**EXERCISE DIRECTIONS:**
Copy out precisely the lines of the material that follows, beginning with the line containing "22 January 2023;" and ending with its last line; exclude pictures.

**EXERCISE DATA:**
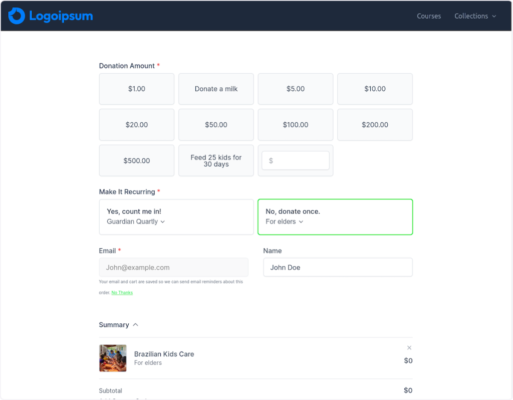 When people can donate regularly, it makes things easier for them. They don’t have to keep coming back to donate every time. This makes it more likely they’ll stick around and keep supporting you. Plus, it’s a great way for you to reach your big goals because you know you’ve got ongoing help. Having both these options, a donation form and the choice for recurring support, can make a huge difference in keeping your projects or goals rolling forward.
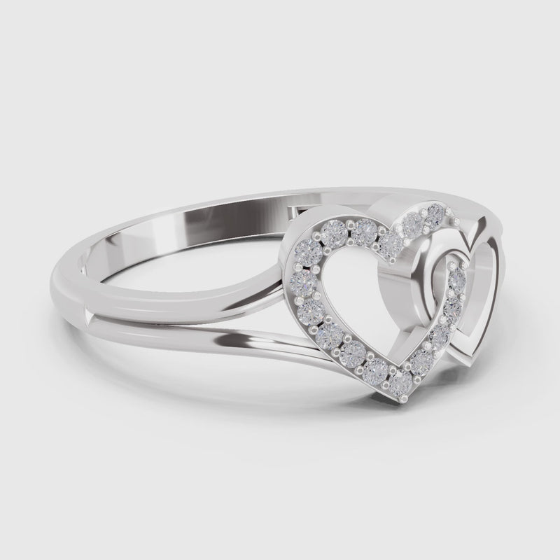 0.13 Carat Round Shape Twin Heart Engagement Ring | 14K White Gold
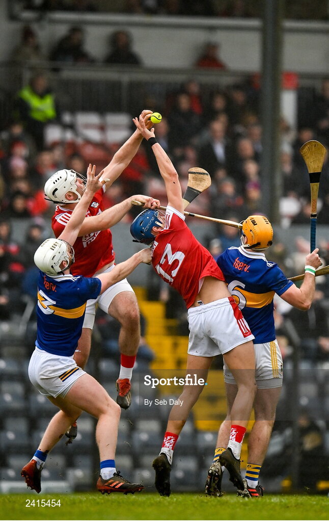 22 January 2023; Cork players Declan Dalton and Colin Walsh and Tipperary players Michael Breen and Pauric Campion challenge for the sliotar during the Co-Op Superstores Munster Hurling League Final match between Cork and Tipperary at Páirc Ui Rinn in Cork. Photo by Seb Daly/Sportsfile
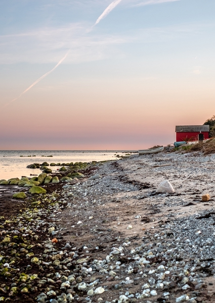 "Umístění lůžkovin" poster od Tobias Grönberg. Klidná večerní chvíle u moře v Beddinge Läge. Oblázková pláž pomalu pohlcuje poslední paprsky slunce, zatímco nebe se mění z modré do jemných pastelových tónů. Červená loděnice na břehu jako tichý svědek letních vzpomínek, které tu šeptají vítr. To není jen fotka – je to moment, kdy se den a noc potkávají a říkají si „tak co, příště zase tady?“ Ideální doplněk pro ty, kdo chtějí mít kousek klidu přírody pořád na očích.

**TASK RESULT:**
 22 January 2023; Cork players Declan Dalton and Colin Walsh and Tipperary players Michael Breen and Pauric Campion challenge for the sliotar during the Co-Op Superstores Munster Hurling League Final match between Cork and Tipperary at Páirc Ui Rinn in Cork. Photo by Seb Daly/Sportsfile
 "Umístění lůžkovin" poster od Tobias Grönberg. Klidná večerní chvíle u moře v Beddinge Läge. Oblázková pláž pomalu pohlcuje poslední paprsky slunce, zatímco nebe se mění z modré do jemných pastelových tónů. Červená loděnice na břehu jako tichý svědek letních vzpomínek, které tu šeptají vítr. To není jen fotka – je to moment, kdy se den a noc potkávají a říkají si „tak co, příště zase tady?“ Ideální doplněk pro ty, kdo chtějí mít kousek klidu přírody pořád na očích.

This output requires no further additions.